Not since his mother died had Adrian felt such a wretched, abominable sense of emptiness and loss. Quite simply in those long, agonizing moments that seemed to stretch on for an eternity, Adrian wanted nothing less but to die. With every fluttering, languorous note of that ecstatic song, he felt as though a part of him were. How many months had passed, that he dreamed of such a song ringing in his ears? Of making Isaac sing that way, of making him sigh with bliss, of giving him such pleasure?
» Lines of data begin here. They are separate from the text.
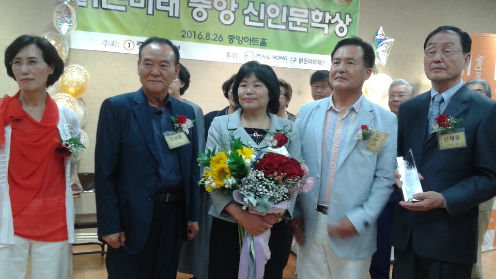 왼쪽부터수 넌 픽숀 최우수작 "하얀 파도 꽃"의 홍 용희 씨, 시조부문 가작"민들레 촌" 의 조성환 씨, 수필 최 우수상"10월 풍경"의 박영실 씨. 시 우수작"밀물"의 김 재진 씨. 소설 부문 최 우수상"작은 멋쟁이 나비" 의 신 재동 씨
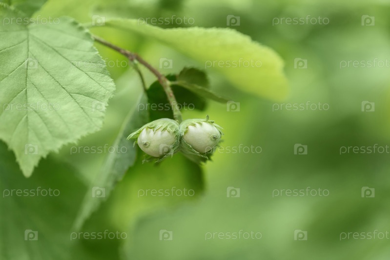 Фундук на ветке крупным планом. Зеленые орехи на орешнике в лесу. Красивый природный фон
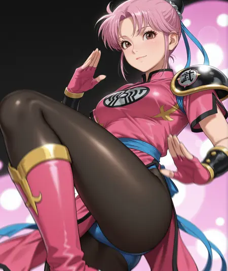 breasts, medium breasts, gloves, dress, short sleeves, fingerless gloves, armor, chinese clothes, shoulder armor, pink dress, china dress,
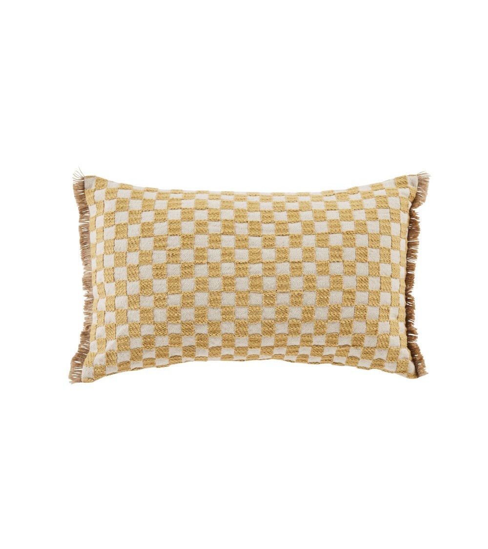 Le damier revient au goût du jour avec le coussin en coton brodé à frange 50x30 NARIZ. Pour une déco chic ou classique, on vous donne un petit conseil déco : disposez ce coussin en coton sur des assises blanc crème en daim pour qu'il fasse son effet comme il se doit !
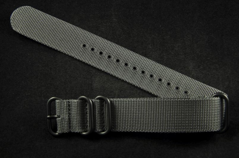 Pasek typu Zulu, Nylonowy, Szary, Czarne okucia, 22mm
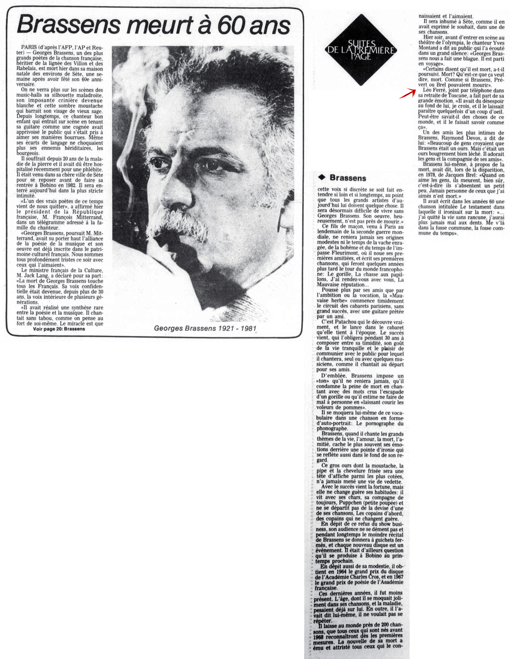 • Brassens meurt à 60 ans
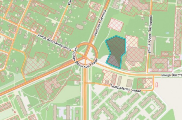 Участок размером 0,86 га (кадастровый номер: 78:40:0009043:9) находится на улице Восстановления, участок 1 (северо-восточнее пересечения с пр. Ленина) и практически примыкает к площади Воинской Славы.

That his own father would do such things, that he would steal Isaac's innocence, that he would seduce him at all knowing what the boy meant to Adrian, much less in such a vile and despicable manner-by all that was holy, it was a desecration. A mockery. His father made mockeries of everything good and beautiful in this world. Adrian shuddered in abject disgust. It seemed to give the old bastard some measure of twisted delight to do so, always, these days.
Isaac-Rubedo, this gangly, impetuous Piedmontese youth who'd stolen his heart without even realizing it-was never meant to be his. He'd known it from the moment his father marked the lad as one of his knights, intended to join the ranks of his elite Devil Forgemasters. Perhaps there was some foolish, childlike belief in miracles tucked away within Adrian's heart that still fervently yearned for, and believed in the possibility that things would be different. That they could be together, despite his father's inevitable disapproval, and the depths of madness to which he was quickly sinking.
That night, however, that hope died. In that moment, it died, along with what little remained of the love Adrian once felt for his father, what little lingering filial piety he felt for that monster he'd become. It died with that song of pleasure and the incomprehensible thought of his father's filthy hands on the man Adrian loved.
His mind recoiling from the horror, from the revulsion and the sorrow, Adrian stared out the window, gazing at the moon, overcome by grief.
Luminous moon, the young master began the silent prayer, an old folk prayer he'd heard many times whispered by the Romani servants within these walls. I find no rest in my home, from the hatred of my enemies who have risen up with great wickedness against me. And you, bright moon, shall have no peace either until you take this spell from my house, from my face, from the face of my belovéd, from the face of my father.
O luminous moon, luminous moon come and take away this curse and this desolation, this hatred from the world and from my house. Take it away and drive it away to the wild mountains and forests; and we and our children and those who shall be born to us hereafter, leave us clean and pure like refined gold to shine beneath the brilliant sun. Let the House Tepes be cursed no longer. And if you will not do this thing, bright moon, then let us be no more.
The moon, terribly bright, unusually bright that evening, hung silent even as dark clouds shrouded it like a mantle. Like the cursed, eldritch mantle that hung perpetually over his father's shoulders. That shadow seemed to extend everywhere, it hung on the palace and over Adrian's heart. A funerary shroud, for the life that could have been, a life that was lost in a crude, village funeral pyre.
Adrian knew then, in that moment that Isaac was lost to him, that he would never escape his father's shadow. The weight of inevitability came crashing down on his shoulders to suffocate him in its power, and his tears turned from grief to bitterness. There was no escape. And his desperate prayers would go unanswered as they had always been. It was absolute futility to ever believe there was some respite from this curse, from this unending darkness. It was folly for Adrian to have ever believed he could ever again know peace in his father's house.
There never would be, not in this palace and not in this world, not for those who bore the name Tepes.